On 4 March, Tamalpais departed Sasebo for Hong Kong, where she stayed almost two months. On 26 April, she sailed from Hong Kong to return to the United States. She transited the Panama Canal between 22 and 24 May and arrived in Mobile, Alabama, on the 28th. On 21 June 1946, she was decommissioned and returned to the War Shipping Administration for lay up in the National Defense Reserve Fleet. Her name was struck from the Navy List on 8 July 1946.

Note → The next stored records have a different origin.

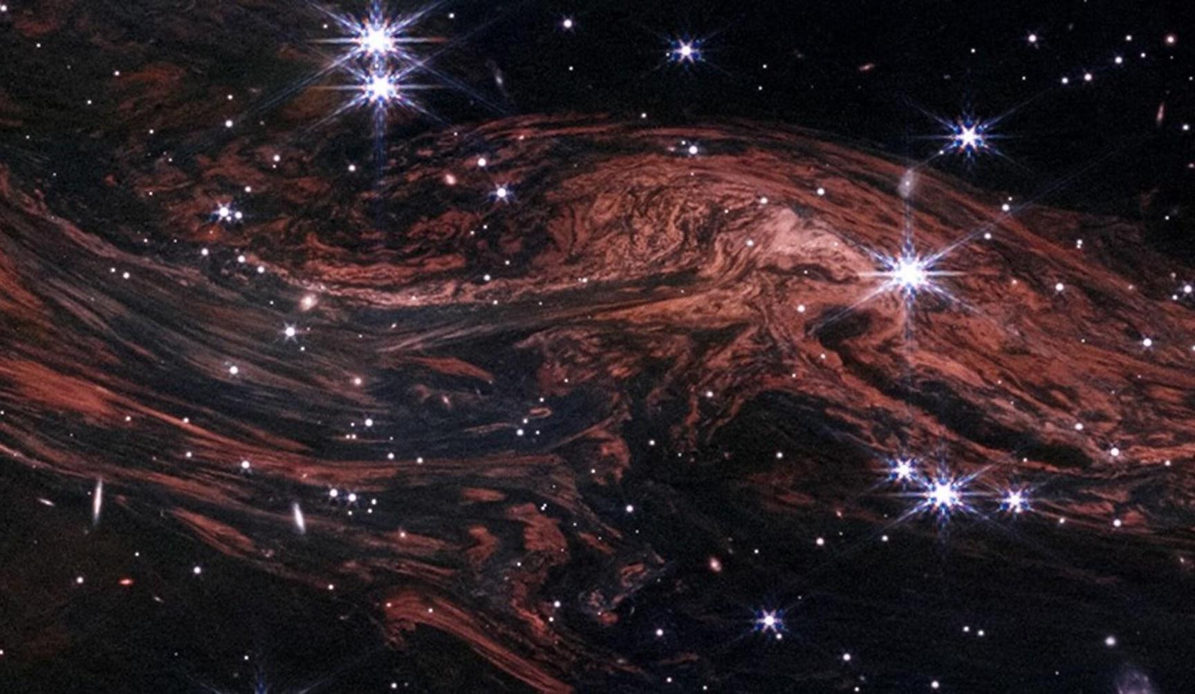 وعلى مدار 3 تواريخ منفصلة، أنشأ مرصد جيمس ويب الفضائي مسحًا زمنيًا، يوضح حركة تلك السحب وتأثرها بالموجة الصدمية، وهو ما كشف عن تفاصيل معقدة، بما في ذلك هياكل تشبه الصفائح وخيوط متماسكة تشبه حبيبات الخشب، بحسب بيان صحفي رسمي من وكالة الفضاء والطيران الأميركية (ناسا)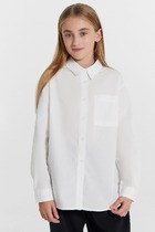 Блузка для девочек. свободного силуэта из ткани. По переду обработана застежка на пуговицы d=10mm и петли. Рукава короткие, втачные, слегка спущены. Нижние срезы изделия и рукавов обработаны швом в подгибку.
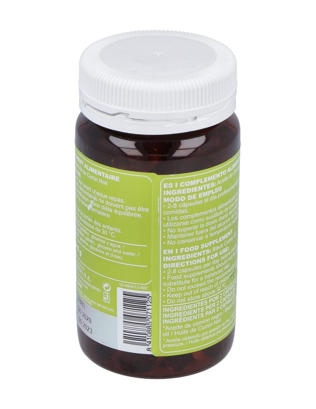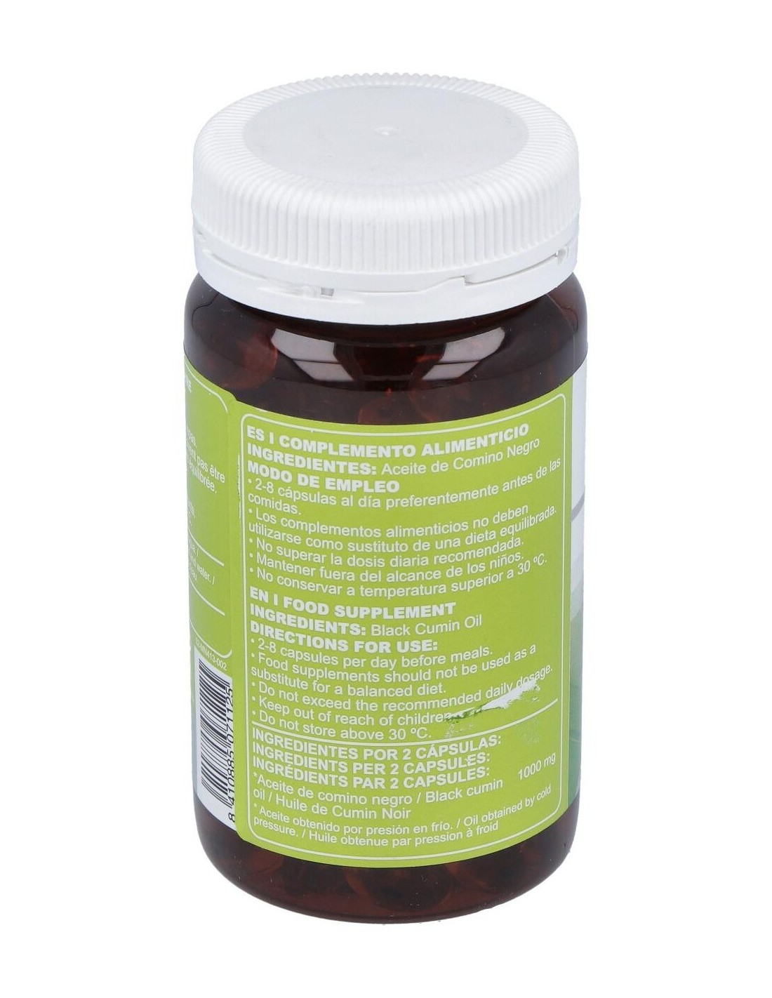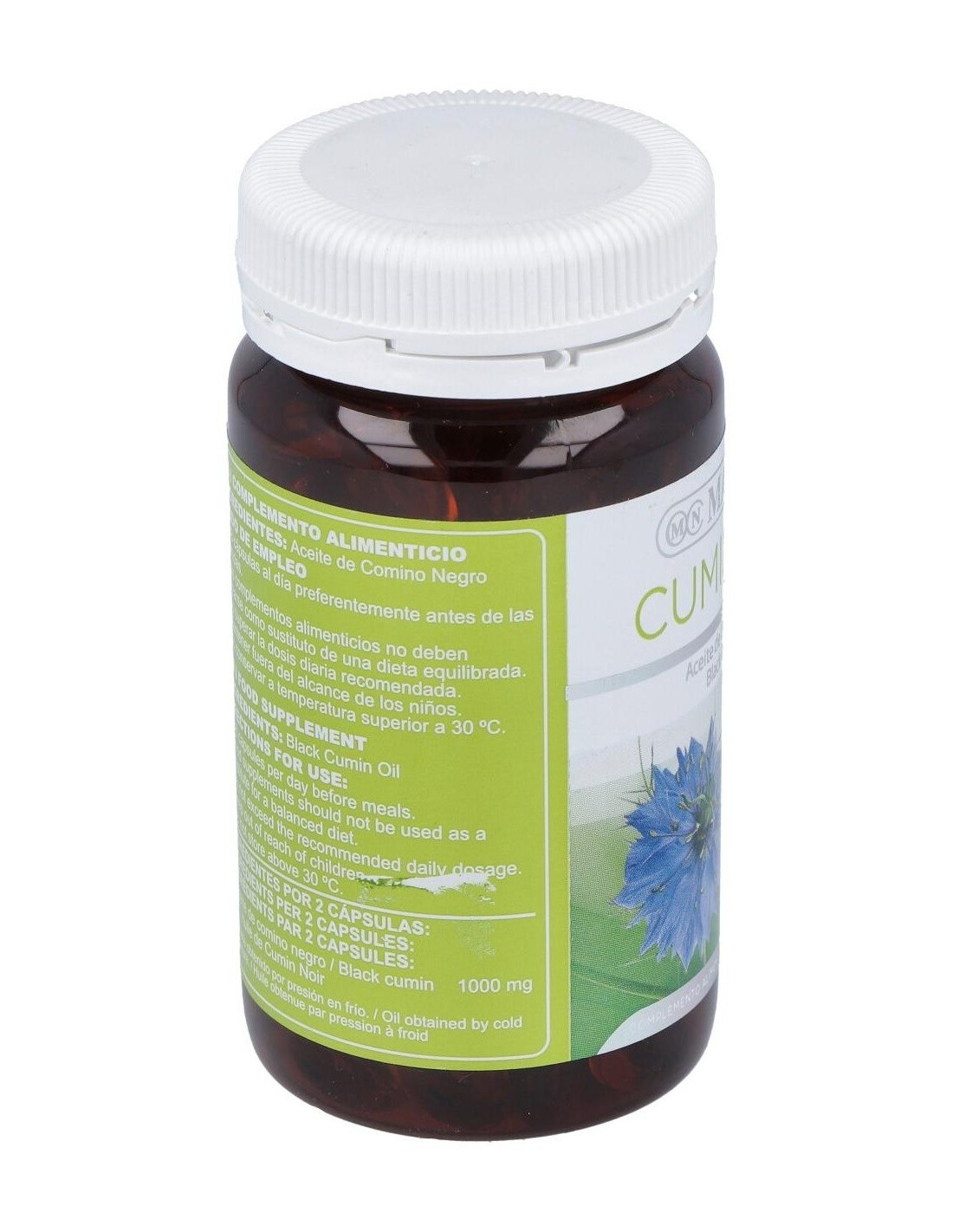 Cápsulas blandas de aceite de Comino Negro obtenido por prensado en frío, que mantiene su contenido natural de Omega 6 y timoquinona. La Timoquinona es un componente volátil del Comino Negro, del grupo de las benzoquinonas, que ha demostrado efectos antioxidantes y otras interesantes bioactividades.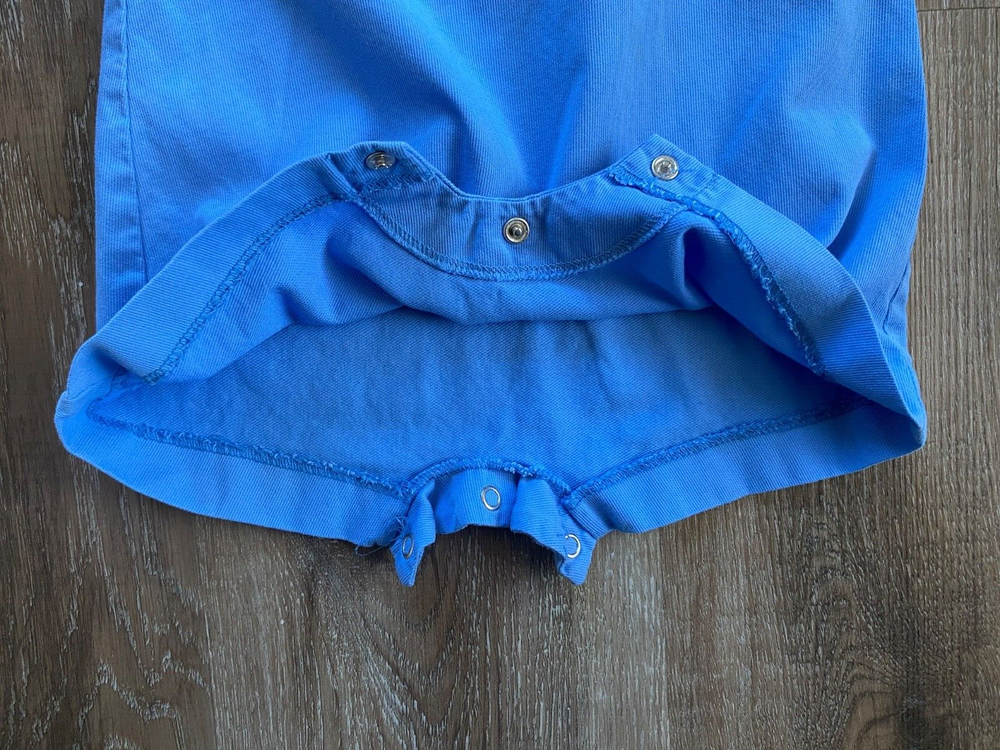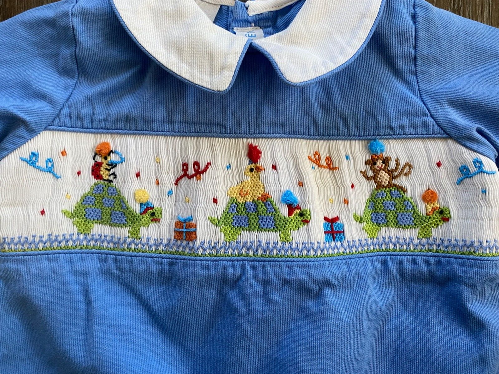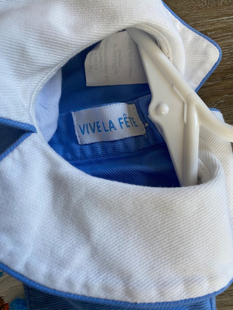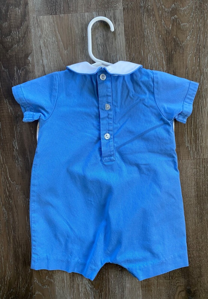 VIVE LA FETE Birthday Party Smocked Romper~Size 6 Months Infant's VIVE LA FETE smocked romper *Size: 6 months *Fabric content: cotton blend *Peter Pan collar *Color: blue, & white with a multicolor embroidered pattern on the chest *Closure: 3 snaps in the crotch and 3 buttons on the back *Chest: approx. 10.5 from side seam to side seam *Length: approx. 16 inches from top of shoulder seam to leg hem *Sleeves: approx. 3.5 inches ling from top of shoulder seam to hem *Condition: Excellent, pre-owned condition. NO stains, rips, or tears. *We have a smoke-free home.

== Assigned to duty with MSTS ==
On 10 March 1948, Tamalpais was reacquired by the Navy, and she was operated by a civilian contractor for the Navy until 1 October 1949, when she was transferred to the Military Sea Transportation Service for duty as a non-commissioned naval vessel crewed by civilian personnel. On 28 April 1950, her name was reinstated on the Navy list. For the next eight years, she plied the oceans of the world as USNS Tamalpais (T-AO-96), visiting major ports the world over and carrying petroleum for the Navy. On 18 December 1967, her name was again struck from the Navy list; and she was transferred to the Maritime Commission's James River Group, National Defense Reserve Fleet.

== Transferred to the U.S. Army ==
On 3 June 1966, Tamalpais was turned over to the Department of the Army to serve as a floating power station under Project Powerfloat.